I love to surprise my audience with my art and style. Let them experience the joy of beautiful art and challenge them to talk and discussed about it or maybe start doing art themselves.
Is it easier or more difficult to be a graffiti artist than to be a painter?
I think being a graffiti artist it’s difficult to get recognition in the regular art world of gallery’s and fairs. Especially when you work primarily with spray cans. They still don’t accept it as a full-fledged art form, so a lot of ‘former’ graffiti artist like me who are not doing graffiti-letters anymore but figurative art with spray cans nowadays also do acrylic and oil painting to get accepted into this ‘other’ art world. Actually we ‘figurative’ graffiti artists do not fit in any category. By the graffiti artists who draw graffiti-letters, we are not considered to be real graffiti artist because of our figurative style and in the regular art world we are not considered to be full-fledged artist because we paint with spray paint. That is why I prefer to call myself street artist, urban artist, mural artist or muralist instead of graffiti artist.
What do you think of the evolution of Street Art today?
The acceptance of street art in the regular art world nowadays is a pre for artist like me. Slowly we get the recognition we deserve because it’s a serious art movement with skilled artists and more than 40 years of experience and growth since its origination in the early 70’s in NYC.
What are your other artistic activities of the moment and your future projects?

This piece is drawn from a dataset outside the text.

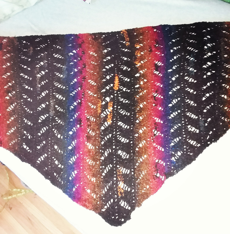 i finished a shawl. i call this a Morpho Shawl, like the Morpho Butterfly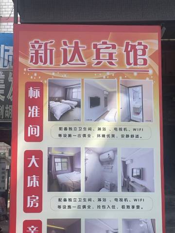 新达宾馆设施齐全。卫生干净,环境很好,服务热情,值得居住,良心宾馆!可以放心居住!值得收藏!

I run a fulltime mural-business together with the help of my lovely wife, manager and assistant Nancy in Holland doing commissioned murals and paintings for all kind of customers like companies and governments mostly in Holland, Belgium and Germany. Next to this I attend a lot of international street art and mural festivals all over the world to build a name as an artist worldwide doing artwork in my personal style. I also do paintings on canvas for several galleries, exhibitions and art fairs from Amsterdam, Madrid and Stockholm to Miami and beyond. I also just completed a tour in Florida US doing a mural in Miami-Wynwood and another in St. Petersburg. Finally, I did a live art painting session at a gallery in Miami and an exhibition at the art show ‘Red Dot’ in Miami-Wynwood…
What do you think about your success and where are you from your dreams?
I believe I’m doing well. I am a well known artist in Holland and in the neighboring countries, but I still want to build my name as an artist in the rest of the world, to paint murals everywhere… That’s my goal.